2. Implement Post Creation and Editing Functionality

Create a controller to handle post creation and editing functionality.

    import org.springframework.security.core.annotation.AuthenticationPrincipal;
    import org.springframework.stereotype.Controller;
    import org.springframework.ui.Model;
    import org.springframework.web.bind.annotation.*;

    @Controller
    @RequestMapping("/posts")
    public class PostController {

        private final PostRepository postRepository;

        public PostController(PostRepository postRepository) {
            this.postRepository = postRepository;
        }

        @GetMapping("/new")
        public String newPost(Model model) {
            model.addAttribute("post", new Post());
            return "newpost"; // Post creation page
        }

        @PostMapping
        public String createPost(@ModelAttribute Post post, @AuthenticationPrincipal User user) {
            post.setUser(user); // Set the currently logged-in user
            post.setCreatedAt(LocalDateTime.now());
            postRepository.save(post);
            return "redirect:/posts";
        }

        @GetMapping("/{id}/edit")
        public String editPost(@PathVariable Long id, Model model) {
            Post post = postRepository.findById(id).orElseThrow();
            model.addAttribute("post", post);
            return "editpost"; // Post editing page
        }

        @PostMapping("/{id}")
        public String updatePost(@PathVariable Long id, @ModelAttribute Post post) {
            post.setId(id);
            post.setUpdatedAt(LocalDateTime.now());
            postRepository.save(post);
            return "redirect:/posts";
        }
    }
    

3. Implement Post Deletion Functionality

Add a method for deleting posts to the PostController.

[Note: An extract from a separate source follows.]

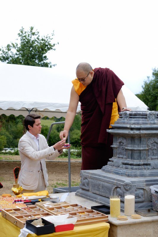 Remplissage du cœur du stoupa par son Éminence Jamgon Kongtrul Rinpoché
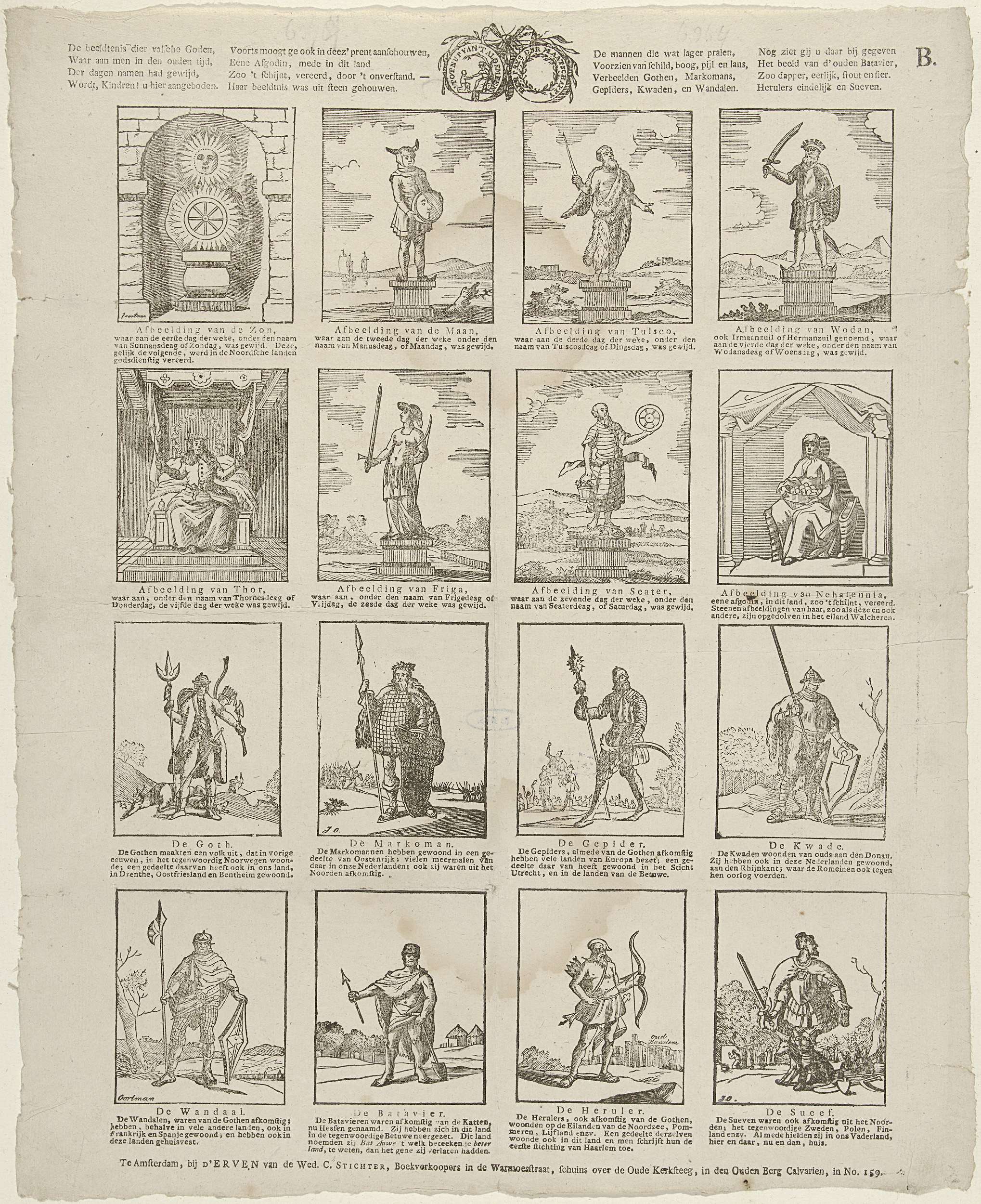 Blad met 16 voorstellingen van mythologische en historische figuren. Met bovenaan de zegel van de Maatschappij tot Nut van 't Algemeen. Onder elke afbeelding een onderschrift. Gemerkt rechtsboven: B.

    @DeleteMapping("/{id}")
    public String deletePost(@PathVariable Long id) {
        postRepository.deleteById(id);
        return "redirect:/posts";
    }
    

Adding Author Confirmation Logic

Finally, we add author confirmation logic to ensure that users can only edit or delete their own posts. To do this, we will add logic that compares the logged-in user’s information with the author of the post.

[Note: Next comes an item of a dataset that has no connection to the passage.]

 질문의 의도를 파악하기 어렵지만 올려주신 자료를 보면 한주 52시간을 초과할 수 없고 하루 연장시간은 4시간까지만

    @PostMapping("/{id}/edit")
    public String editPost(@PathVariable Long id, @AuthenticationPrincipal User user) {
        Post post = postRepository.findById(id).orElseThrow();
        if (!post.getUser().equals(user)) {
            throw new AccessDeniedException("You cannot edit this post."); // Access denied exception
        }
        return "editpost"; // Move to edit page
    }

    @DeleteMapping("/{id}")
    public String deletePost(@PathVariable Long id, @AuthenticationPrincipal User user) {
        Post post = postRepository.findById(id).orElseThrow();
        if (!post.getUser().equals(user)) {
            throw new AccessDeniedException("You cannot delete this post."); // Access denied exception
        }
        postRepository.deleteById(id);
        return "redirect:/posts";
    }
    

Conclusion

In this tutorial, we learned how to implement OAuth2-based login and logout functionality using Spring Boot, and how to add features for creating, editing, and deleting posts. Additionally, we established safeguards to ensure that users can only edit or delete their own posts through author confirmation logic. Through this process, we became acquainted with the basic usage of Spring Boot and OAuth2, gaining foundational knowledge necessary for actual application development.

We hope to continue learning about various features using Spring Boot and improve our skills further. Wishing you the best of luck on your development journey!